Во МХАТе возобновили постановку «Дни Турбиных». Материальное положение улучшилось, и они постепенно рассчитались с долгами.
В их доме всегда были гости, суета, веселье. Приходили Маяковский, Катаев, Олеша. Иногда приезжали Вересаев и Фадеев.
Через восемь лет «травля» повторилась. Начались обыски, и даже был конфискован дневник. К тому же, все больше начали проявляться симптомы наследственной болезни. Как врач, он знал, что спасения от нее нет. Часто страх перед неизбежностью физического конца усугублялся тревогой за результаты труда всей жизни. В его ящиках лежали старые и новые повести и романы, которые ни одно издательство не публиковало. Лежали пьесы, которые ни один театр не решался ставить. Он знал, что все им созданное в любой момент может быть уничтожено, но на этот раз – вместе с ним. Именно тогда пришло из МХАТа предложение написать пьесу о Сталине. Начал писать. Первоначально пьеса называлась «Пастырь», затем – «Батум».
Администрация МХАТа встретила произведение с восторгом – надеялась с его помощью поправить дела театра. Высокие чины от искусства тоже выражали автору свое восхищение. Сталин же, по непонятной причине, постановку пьесы о своей работе в Батуми в 1902 году, не разрешил. Но не смотря на это, сам факт создания пьесы о Великом Вожде, помог тода сберечь все то, что хранилось в его ящиках.

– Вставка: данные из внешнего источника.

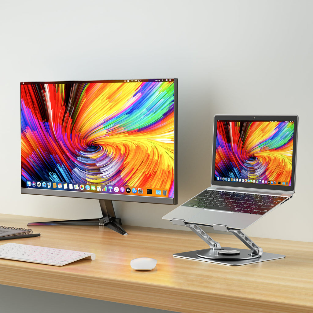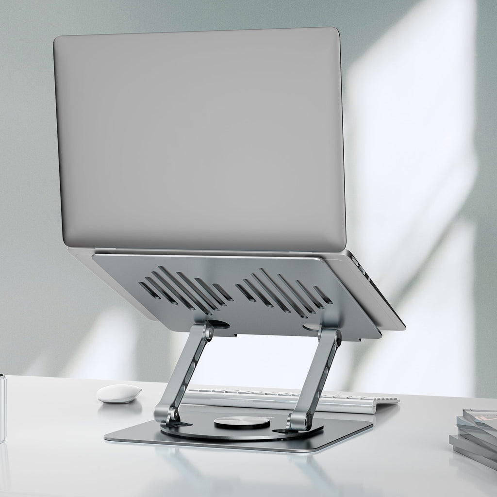 Enhance your workspace with the mbeat Stage S7 Rotating Laptop Stand. Ideal for professionals and students, it offers a robust, adjustable platform that supports ergonomic posture. With a sleek aluminium build and thoughtful design, it ensures your laptop stays cool and secure during prolonged use.
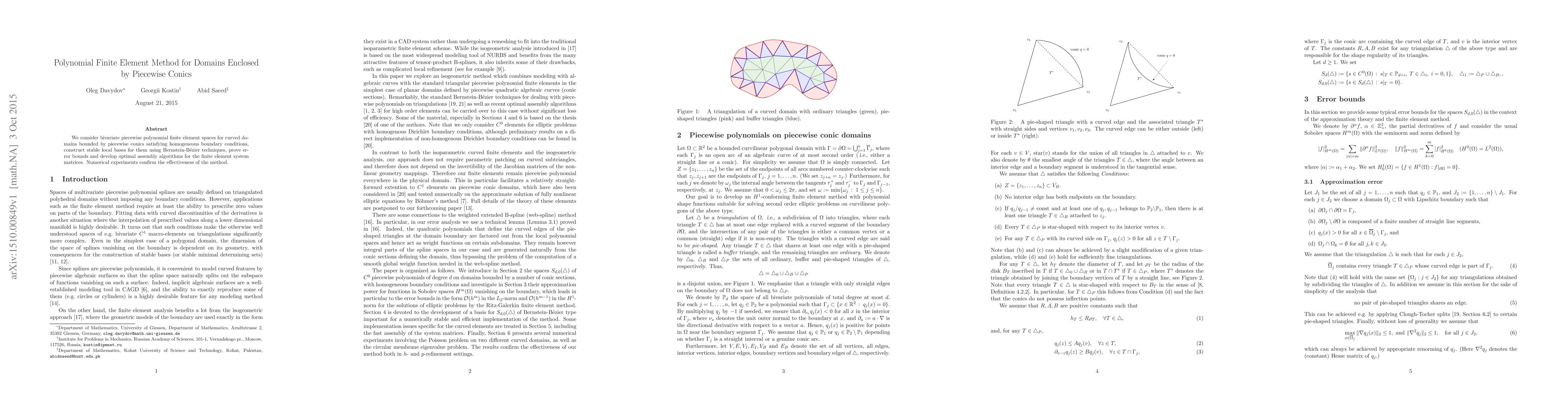 This paper develops a polynomial finite element method for curved domains defined by piecewise conics, utilizing Bernstein-Bézier techniques to construct stable local bases. It proves error bounds and optimal assembly algorithms, and numerical experiments validate the method's effectiveness.

Он работает над давно начатым романом «Мастер и Маргарита». Пишет, перечитывает, исправляет и пишет вновь.
Как и предполагал, экскурсия по родным местам физического здоровья не добавило. Все чаще и упорнее напоминала о себе болезнь. Бывали дни, когда он от боли и слабости не мог встать с постели. Вскоре слег окончательно. Временами от невыносимой боли в угасающем сознании всплывают эпизоды и фразы из его последнего романа «Мастер и Маргарита». Он – то мастер, то Понтий Пилат, то Иешуа….. Становится легче – шутит и улыбается, хотя как врач знает, что жить ему осталось считанные дни… Мучают галлюцинации… Елену Сергеевну называет Маргаритой и просит дать подаренную ею черную шапочку с вышитой буквой «М».
Она ставит на тумбочку вазу с букетом роз. Сильный запах розового масла распространяется по комнате. И вызывает у его видение: «Прокуратор Иудеи Понтий Пилат ненавидит запах роз. Ему кажется, что от этого запаха еще сильней болит голова… он не в силах терпеть ее более и ему мерещится спасительная чаша с темной жидкостью: «Яду мне, яду…» И тут же, без перехода: «Найдите Тасю, я должен перед ней извиниться».
Пришла медсестра и сделала укол…. Стало легче.
Днем и ночью Елена Сергеевна у его постели на полу на подушечке.
Он, когда становится чуть легче, диктует жене очередной эпизод романа. Прерывисто, как заклинание, шепчет:
- Я люблю тебя! Я люблю тебя! Буду любить тебя всю свою жизнь! Почему стало темно? Гроза ранней весной?
Он ослеп. Пришел врач. Осмотрел, покачал головой, сделал укол…
Он пришел в сознание. Был вечер.
- Поспи, а я посижу возле тебя, - сказала Елена Сергеевна, когда врач ушел.
- Нет, дорогая. Ты ведь знаешь, что Мастер – это я, а ты – моя Маргарита, - сказал с трудом, задыхаясь, и начал диктовать последние строки романа.
Замолчал. Устало закрыл глаза. Потом неожиданно громко сказал:
- Нет. Уйду я один. Тебя с собой не возьму!
Впервые за последнее время спокойно уснул. Уснула, положив голову на край постели, уставшая Елена Сергеевна.